La conférence annuelle des banquiers centraux, du 22 au 24 août à Jackson Hole, aux Etats-Unis, avait pour thème : « Les défis de la politique monétaire ». Elle a permis aux grands argentiers de répéter ce qui est devenu un refrain – la politique monétaire ne peut pas tout, aux gouvernements de faire leur part –, mais n’a pas esquissé de piste de solution aux paradoxes et aux dilemmes devant lesquels nous nous trouvons.
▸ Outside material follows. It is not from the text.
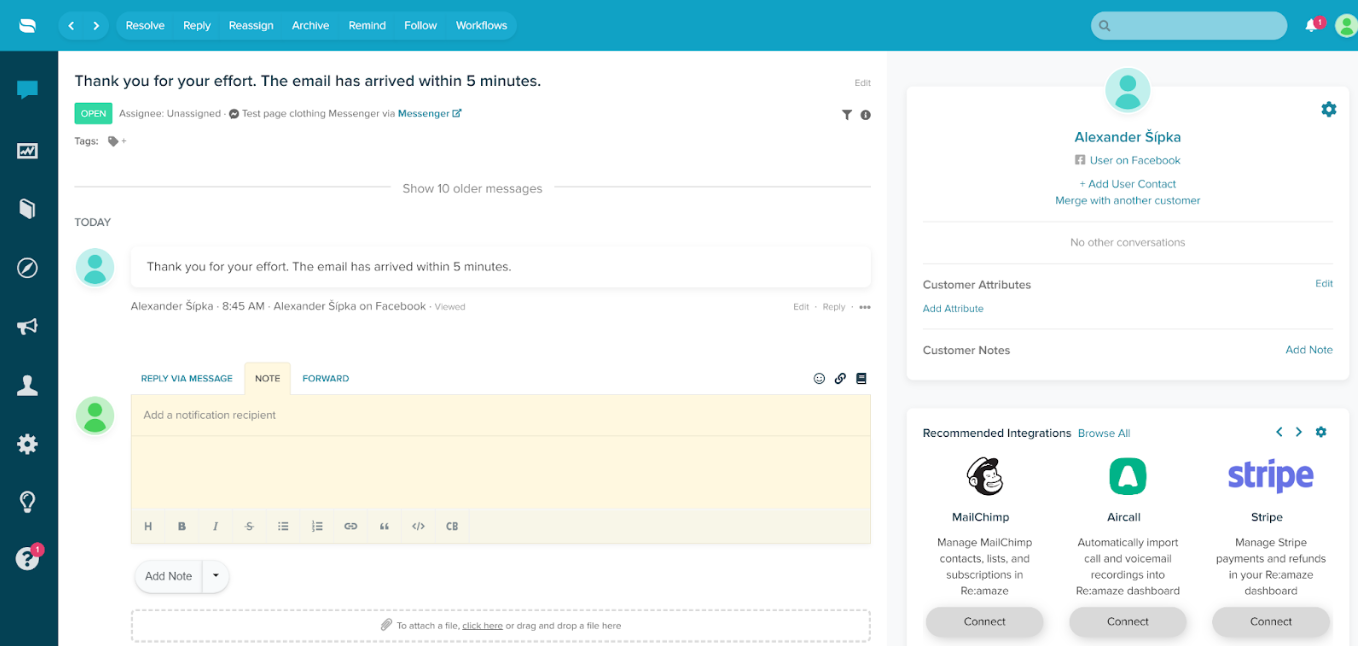 Darbs ar Re:amaze sākumā šķiet kā mikslis. Tā ir lieliska izskata sistēma, kas, šķiet, visu dara nevainojami. Pirmā problēma, ko pamanīju, ir tā, ka nesaņēmu paziņojumu par ienākušu Messenger ziņu. Man bija jāatsvaidzina sistēma un manuāli jāmeklē paziņojumi iesūtnē. Tiklīdz es to atradu, viss atkal kļuva labāk, izmantojot pieteikuma iekšējo saskarni. Vēlāk es uzzināju, ka paziņojumi ir jāaktivizē manuāli, kas šķiet dīvaina izvēle. Manuprāt, šai funkcionalitātei būtu jābūt aktīvai jau no paša sākuma.

Le premier d’entre eux est que les liquidités injectées par les banques centrales depuis le krach de 2007-2009 n’ont pas permis d’éviter la trappe déflationniste qui, comme on le sait pourtant depuis les années 1930, guette toute économie en convalescence d’une crise financière : l’excédent des dettes privées obère l’investissement et réduit la croissance potentielle, obligeant les survivants surendettés à vendre des actifs réels dont la baisse des prix accroît le poids de la dette réelle… Le Japon se débat dans ce cercle vicieux depuis presque trente ans.

Après de trop longues années de dénégation, plus personne, aujourd’hui, ne nie la réalité de la déflation en Europe, dont les taux d’intérêt négatifs sont l’un des symptômes les plus préoccupants. Or l’entre-deux-guerres nous a appris que, dans ce piège, injecter de la liquidité ne sert à rien : hier comme aujourd’hui, le secteur bancaire, très fragilisé par la crise financière, ne peut qu’absorber la manne monétaire pour combler la défaillance de ses « actifs pourris », sans irriguer suffisamment l’économie réelle. Le déficit d’investissement, tant privé que public, se creuse, et le mal s’approfondit. Les taux négatifs, eux, accroissent la pression en faveur d’une rentabilité immédiate très élevée dans les entreprises pour faire monter les cours de Bourse et accroître le rendement du capital investi. Ils encouragent les investissements risqués et spéculatifs, donc irresponsables, bien plus que l’investissement productif.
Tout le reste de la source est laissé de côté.